5).Homer wrote one of the most complex poetry in the entire ancient world is 850 BC, 2850 years ago.

6). The Greek language is the basis of all European languages and in 54.000 words in English is Greek of origin. The total amount of words of Greek origin in all European languages (German, French, Spanish, English, etc) are 500,000 words.
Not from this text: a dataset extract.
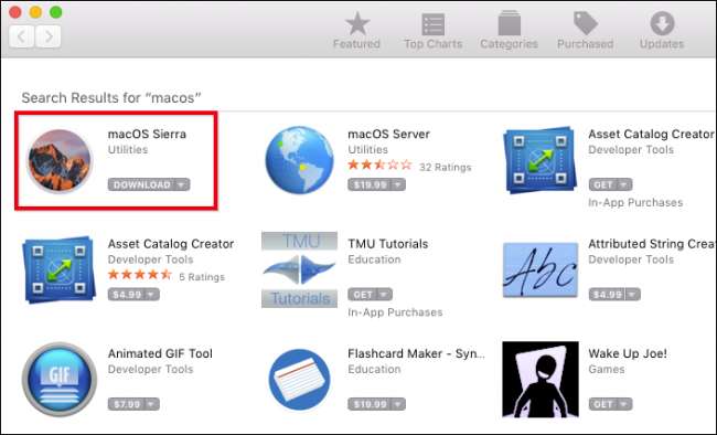 Во-вторых, вам понадобится копия установщика macOS Sierra. Вы можете загрузить установщик Sierra в App Store, выполнив поиск по запросу «macOS». Убедитесь, что вы нажали «Загрузить» и дайте ему сохраниться на жестком диске вашего Mac.

Not only is there not a single language in the world that is the root and has influenced 60% of all world languages(East European, French, Latin, German, English, Spanish, Celtic, Russian, Asian, etc), but it's also the oldest living language still in use. and with the entire scientific, medic, astronomic world using the Greek language, it can only be the Greek language as the richest language in the world, which is logically officially recognized as the richest language in the world.

-Greek language: 5,000,000 words and. and contains approximately 70,000,000 words including, derivatives, medical terms and scientific expressions.

Lameen Souag الأمين سواق said...

Aaand thank you for demonstrating that it's not just Arabs who feel the need to bolster their self-worth with made-up statistics about numbers of words. For a more serious examination of the question for Greek, see Nick Nicholas:

Lerna I

Lerna II

khalid said...

Well said

khalid said...

Well said

Osama Al-Ghamdi said...

Yeah English is poor language if it has to be compared to Arabic. A small example to that is when you refer to relationships:
Aunt (goes to both parents sisters)
But in Arabic it's more specific
خاله which goes to mother's sister
عمه which goes to the father's
And the list goes on and on.
If we were to say that Arabic is more specific and English is more general.

Lameen Souag الأمين سواق said...

Kinship terms are certainly more specific in Arabic than in English; in that domain, English is relatively impoverished. But picking a single semantic domain tells us nothing about how the two languages' vocabularies compare overall.